Hair by Tom Harrigan. So very posh.

“It’s all in your head,”
they said, smiling.
Secrets spliced at
the drum’s thrum.

The tug and throw;
the tattoo of polar opposites,
the tattoo of my heart answers:
the yes and no.

The centrifuge
spins dizzy histories;
a chromatography -
magnetic chronology;

A map bleeds out from echoes
truth and disaster
negative and positive
the nothing and the one.

We spin together,
we repel
like iron filings
dancing end to end.

Stuttering paradigms
doomed and destined for
failure and liberation thus:
“It’s all in your head.”


So, my MRI and my EEG scans both came back as normal. This is kind of the result I'd, oddly, feared and the result I'd known to expect as it's what happened the last time I had these tests. Yes, falling half-asleep to that hypnotic drumming in the MRI chamber while they played "Don't Stop 'Til You Get Enough" seemed weirdly macabre (pretend to be dead in a giant sarcophagus, all your metal pulled out of you before you go in, then listen to motivational songs from a dead man while you pass out) and then get lost in your thoughts, realise you can only remember being there a couple of minutes, then the guy tells you it's been half an hour.

Realise that that's kind of why you're in there, then shuffle off to try to get your body piercings back out of a locker before you stress out too much.

This has been such a long and convoluted process and it's frustrating to know we're still not there.

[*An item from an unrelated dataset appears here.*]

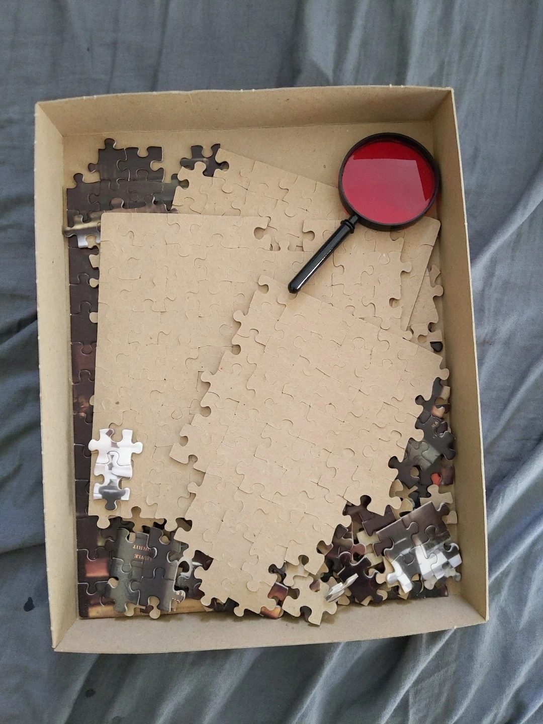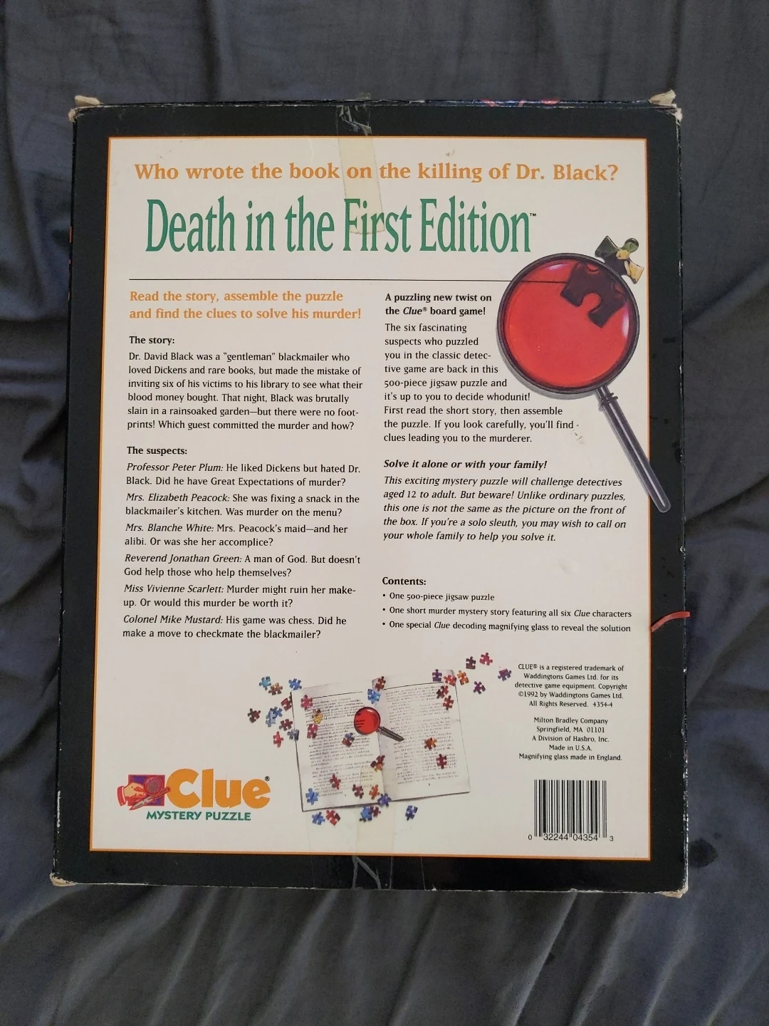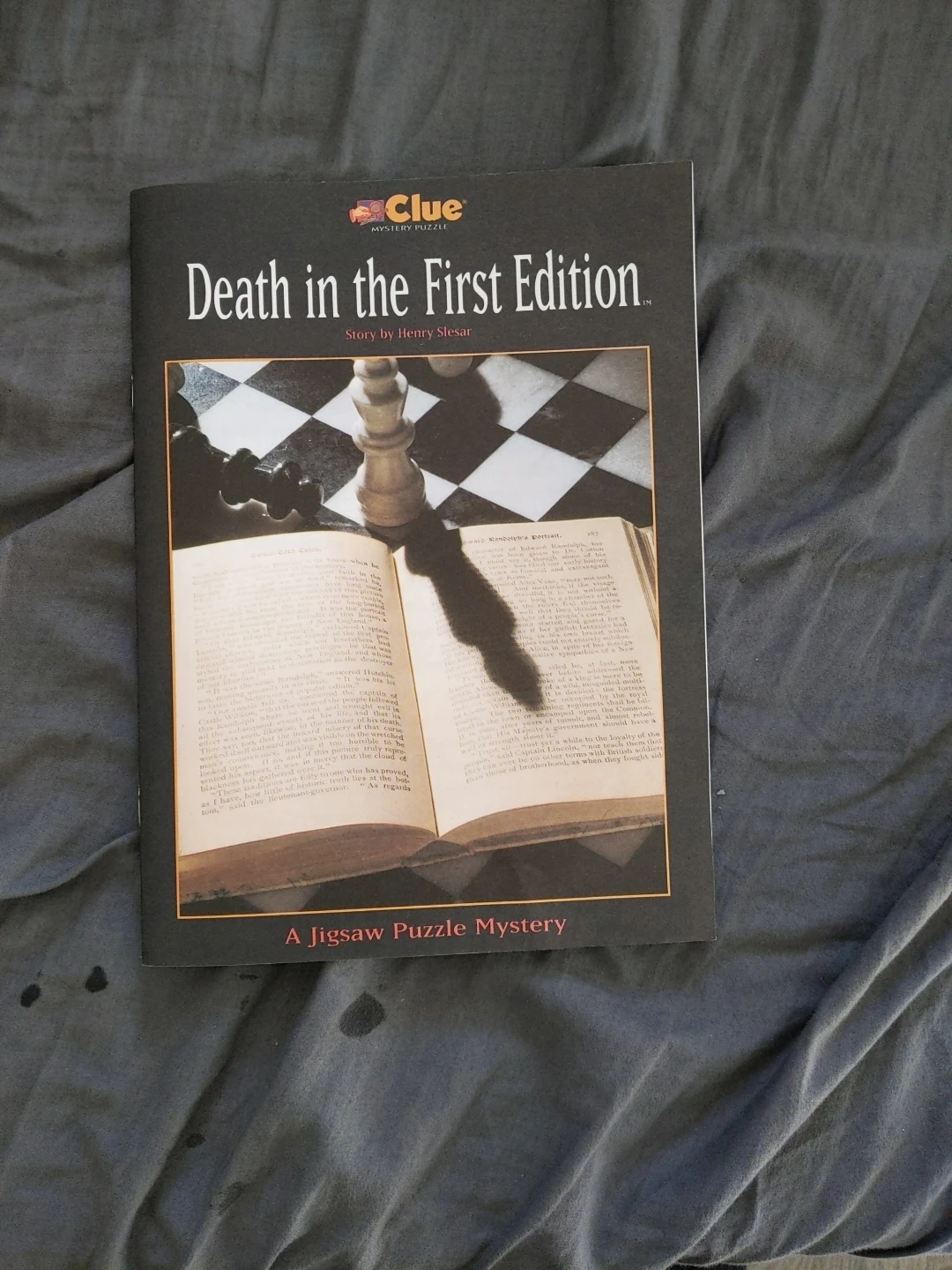 Selling a Clue Mystery Puzzle, Death in the First Edition. It is a jigsaw puzzle mystery that includes a one-piece jigsaw puzzle and one short mystery story featuring all six Clue characters. It also includes one special Clue decoding magnifying glass to reveal the solution

I've got a letter in my flat from when I was just a little child about the first EEG I had being booked in for a hospital out in Surrey and how the little absence seizures I was having seemed to be quite normal and that I'd grow out of them, but when the EEG came back without any real indication of why this was happening, we kind of drifted away from knowing what to do. 

I was just one of those kids who'd get lost in their own world sometimes and couldn't get back out.

I don't quite know where this leaves me now - I'm trying not to think about it too much. It's sunny out, I'm busy with work, there's plenty going on to keep me occupied, so not being any further along with a question that's always been there is just something I'm going to just have to not give a shit about, I think.